Seguimos, pari passu, de coração convertido e cheio do louvor de Deus, a narrativa da Paixão de Jesus segundo João (18,1-19,42).

Depois do discurso testamental do Senhor e da sua oração sacerdotal, atravessamos o Cédron e entramos no jardim. É noite, mas a Luz do mundo não se apaga. Judas perdeu-se na noite, mas de noite encontra-se com a multidão e a conduz até ao Mestre. E a multidão vem, com archotes e lanternas e com armas, prender a Luz. Porém, caem encandeados. E é o Cristo, Luz do mundo, que por amor Se ofusca e Se entrega, rejeitando o ato de violência perpetrado por Simão Pedro para alegadamente O defender. Uma vez preso e levado a Anás, sogro de Caifás (Sumo Sacerdote naquele ano), a quem Anás o manda depois, todos os discípulos fugiram, com exceção de Pedro e outro discípulo, que O seguiam. Entretanto, Pedro acolhe-se a outra luz e aquece-se a outro lume. E, ao ser interpelado, nega ter andado com Jesus, ter parte com Ele ou mesmo conhecê-Lo.

Canta o galo pregoeiro do dia (topamo-lo nos nossos campanários como o topamos nos primeiros sarcófagos cristãos), nasce o dia e Pedro reconhece o seu erro, de que se arrepende chorando amargamente.

Dom António Couto valoriza o relato deste episódio petrino como “o relato do anunciador”, que “não pode limitar-se a atirar para o ar a Notícia do Crucificado Ressuscitado, sem nela se envolver e comprometer”, tendo necessariamente de “credibilizar a incrível Notícia que anuncia, contando a sua história de desistente, recuperado e perdoado e transformado pelo Ressuscitado”. Na verdade, como anota o Bispo de Lamego, “a Igreja está fundada sobre Pedro, mas Pedro está fundado sobre o seu pecado perdoado”, o que também sucedeu com Paulo, que de perseguidor passou a apóstolo das gentes e há de suceder connosco.  

Jesus diz ao Sumo Sacerdote que não o interrogue a Ele, mas os que ouviram os seus ensinamentos, pois não falou às escondidas, mas em público, contrastando com Pedro, que, ao ser cá fora interrogado responde negando tudo.
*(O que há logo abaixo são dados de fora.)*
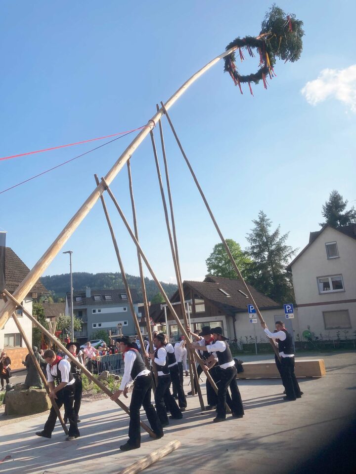 Zum Glück wurde der Maibaum nicht geklaut – mit Musik, Muskelkraft und Magenfreuden ging es in Biberach hinein in den Wonnemonat.

Todavia, Jesus comparece ante de Pilatos e ouve os gritos da multidão a exigir a crucifixão e a preferência pela libertação de Barrabás. Não obstante, elucida Pilatos dizendo que é rei, mas que a sua realeza não é deste mundo. Mais diz: “Eu para isto nasci e para isto vim ao mundo: para dar testemunho da verdade. Todo aquele que é da verdade escuta a minha voz.(Jo 18,37).
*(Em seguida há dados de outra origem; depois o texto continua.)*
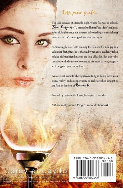 Loss, pain, guilt… The lone survivor of a terrible night, where fate was so unkind, Ben Carpenter has resolved himself to a life of loneliness. After all, love has made him aware of only one thing - overwhelming misery - and he'd never go down that road again. Submersing himself into running Fairfax and his side gig as a volunteer firefighter, he is shocked when envy suddenly takes hold as his best friend marries the love of his life. But before he can deal with the idea of reopening his heart to love, tragedy strikes again… just not for him. As secrets of his wife's betrayal come to light, Ben is faced with a new reality; and an opportunity to heal stares him straight in the face, in the form of Hannah. Bonded by their similar losses, he begins to wonder… Is there really such a thing as second chances?

E prossegue o seu caminho de amor até ao fim, até à Cruz. Pilatos, mesmo não encontrando motivo algum para o crucificar, mandou flagelá-Lo e coroá-Lo de espinhos, apresentou-O ao povo e entregou-O para a crucifixão juntamente com dois salteadores.

Na cruz, veio ao de cima o mórbido gosto pela morte que nos habita e nos leva a apoucar e a desafiar os condenados: “Salva-te a ti mesmo!(Lc 23,35.37.39). Isto acontece hoje. Gostamos de ver os irmãos a atolarem-se na lama, habita-nos um ódio sem motivo, sem fundo. Jesus é o Justo, a Bondade gratuita. Ele ama primeiro (1Jo 4,19) e morreu por nós quando éramos ainda pecadores (Rm 5,8). Por isso, contra o nosso desdém, ódio ou violência, Ele acolhe-nos por amor e por amor Se entrega a nós e por nós. No seu Corpo Crucificado, morto por amor, e por amor exposto ante os nossos olhos atónitos (Gl 3,1), morre o nosso desejo de morte, apagado pelo fogo do amor, que declara o nosso pecado inútil, inutilizado, anulado e ultrapassado (cf Cl 2,14).
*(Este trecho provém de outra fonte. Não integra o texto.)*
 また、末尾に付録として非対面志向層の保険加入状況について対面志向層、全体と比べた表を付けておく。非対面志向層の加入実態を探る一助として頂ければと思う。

Sob o olhar do Crucificado, quatro soldados levam os pertences de Jesus, que dividem em 4 partes – uma para cada um e sorteiam a túnica inconsútil. Em contracanto, quatro mulheres – a mãe de Jesus, a irmã de sua mãe, Maria, mulher de Cléofas, e Maria Madalena –, que não levam pertences de Jesus, abraçam-se à Cruz de Jesus (“parà tô staurô) (Jo 19,25), encarando a Cruz como uma pessoa (a força do dativo “tô staurô), não como um objeto (seria o acusativo “tòn staurón). Logo, as mulheres abraçam a pessoa de Jesus (como Lhe abraçam os pés na madrugada da ressurreição: cf Mt 28,9) e levam consigo o amor de Jesus. E Jesus confia o discípulo amado à sua Mãe e a Mãe ao discípulo amado. Depois, reconhecendo que estava consumada a sua obra, Jesus, inclinando a cabeça, entregou o espírito (klínas tên kephalên parédôken tò pneûma). Ou seja, entregou ao Pai o seu hálito de vida. Mas o evangelista, com expressãoparédôken tò pneûma, sublinha que a morte de Jesus, tal como Ele prometera, é também o momento da dádiva do Espírito Santo (cf Jo 7,37-39; 16,7) à comunidade aqui representada na Mãe de Jesus e no Discípulo Amado (Jo 19,25-27.34), dom que se renova em todas as comunidades reunidas no primeiro dia da semana (Jo 20,22).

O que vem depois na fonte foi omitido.